The same resources and options for individuals who experience sexual misconduct are available for discrimination, harassment, and retaliation. UVA prohibits discrimination and harassment based on age, color, disability, family medical or genetic information, gender identity or expression, marital status, military status, national or ethnic origin, political affiliation, pregnancy (including childbirth and related conditions), race, religion, sex, sexual orientation, or veteran status. UVA policy also prohibits retaliation for reporting such behavior.
If you witness or are aware of someone who has experienced prohibited conduct, you are encouraged to submit a report to Just Report It (justreportit.virginia.edu) or contact EOCR (uvaeocr@virginia.edu), the office of Equal Opportunity and Civil Rights.
If you would prefer to disclose such conduct to a confidential resource where what you share is not reported to the University, you can turn to Counseling & Psychological Services (“CAPS”) and Women’s Center Counseling Staff and Confidential Advocates (for students of all genders).
As your professor and as a person, know that I care about you and your well-being and stand ready to provide support and resources as I can. As a faculty member, I am a responsible employee, which means that I am required by University policy and by federal law to report certain kinds of conduct that you report to me to the University’s Title IX Coordinator. The Title IX Coordinator’s job is to ensure that the reporting student receives the resources and support that they need, while also determining whether further action is necessary to ensure survivor safety and the safety of the University community.

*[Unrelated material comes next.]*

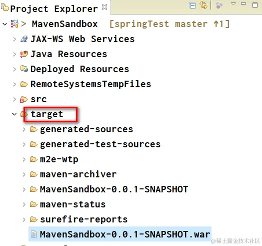 命令行mvn clean install后,生成的jar文件默认位于target folder下。
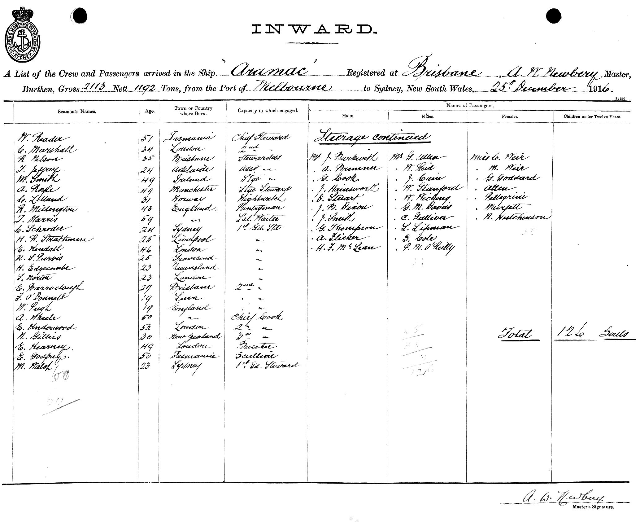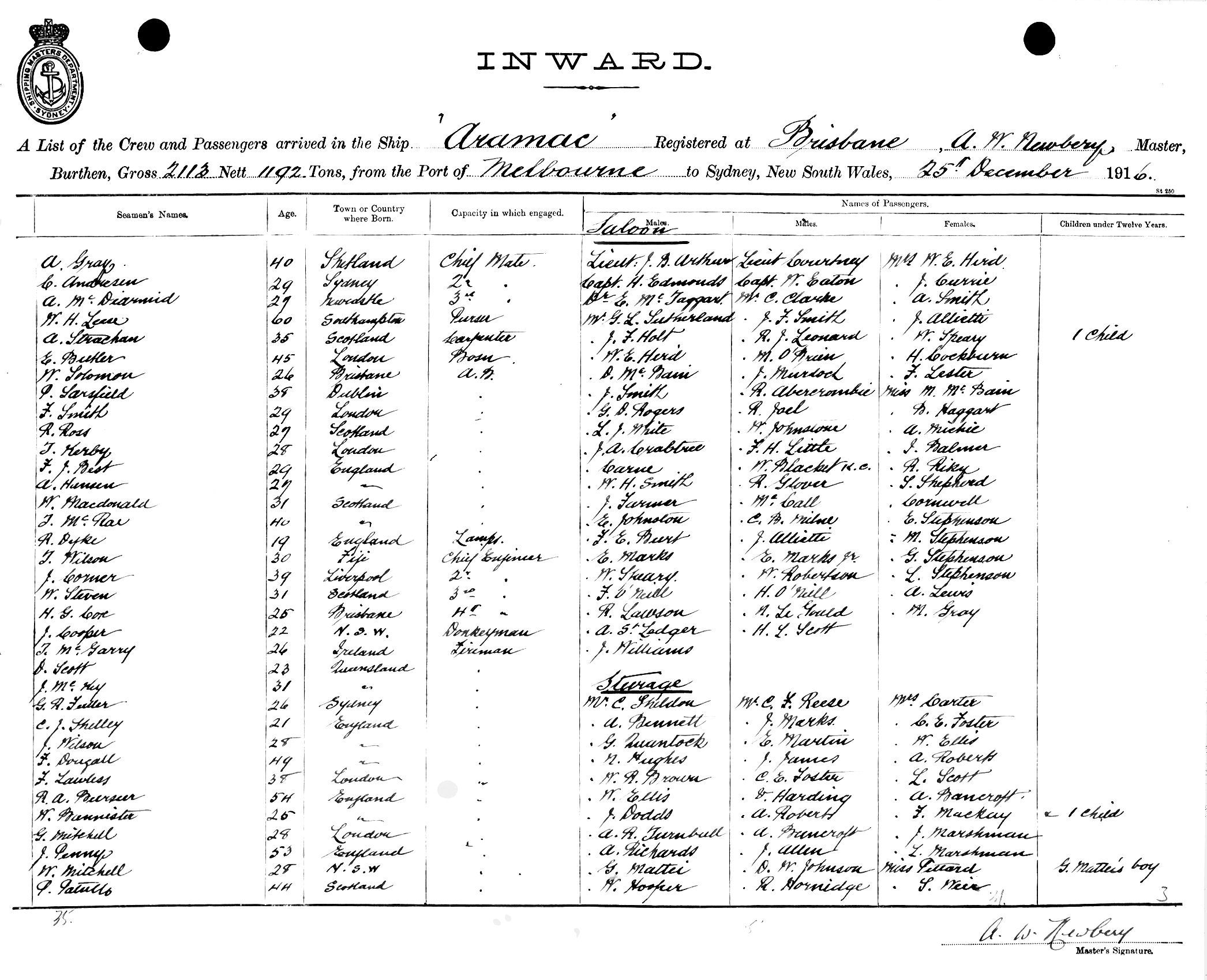 ARAMACOF BRISBANE, A. W. NEWBERY, MASTER, BURTHEN 2113/1192 TONS FROM THE PORT OF MELBOURNE TO SYDNEY, NEW SOUTH WALES, 25TH DECEMBER 1916 |

Support for Your Career Development
Engaging in your career development is an important part of your student experience. For example, presenting at a research conference, attending an interview for a job or internship, or participating in an extern/shadowing experience are not only necessary steps on your path but are also invaluable lessons in and of themselves. I wish to encourage and support you in activities related to your career development. To that end, please notify me by email as far in advance as possible to arrange for appropriate accommodations.
Student support team
You have many resources available to you when you experience academic or personal stresses. In addition to your professor, the School of Engineering and Applied Science has staff members located in Thornton Hall who you can contact to help manage academic or personal challenges. Please do not wait until the end of the semester to ask for help!
Learning
- Lisa Lampe (ll4uu@virginia.edu), Assistant Dean for Undergraduate Affairs
- Georgina Nembhard (gnembhard@virginia.edu), Director of Student Success
- Courtney MacMasters (cmacmasters@virginia.edu), Accessibility Specialist
Free tutoring is available for most classes.
Health and Wellbeing
- Kelly Garrett (mwu5gs@virginia.edu), Assistant Dean of Students, Student Safety and Support
- Elizabeth Ramirez-Weaver (er2tn@virginia.edu), CAPS counselor*
- Katie Fowler (rfk2xj@virginia.edu), CAPS counselor*
*You may schedule time with the CAPS counselors through Student Health. When scheduling, be sure to specify that you are an Engineering student. You are also urged to use TimelyCare for either scheduled or on-demand 24/7 mental health care.
Community and Identity
The Center for Diversity in Engineering (CDE) is a student space dedicated to advocating for underrepresented groups in STEM. It exists to connect students with the academic, financial, health, and community resources they need to thrive both at UVA and in the world. The CDE includes an open study area, event space, and staff members on site. Through this space, we affirm and empower equitable participation toward intercultural fluency and provide the resources necessary for students to be successful during their academic journey and future careers.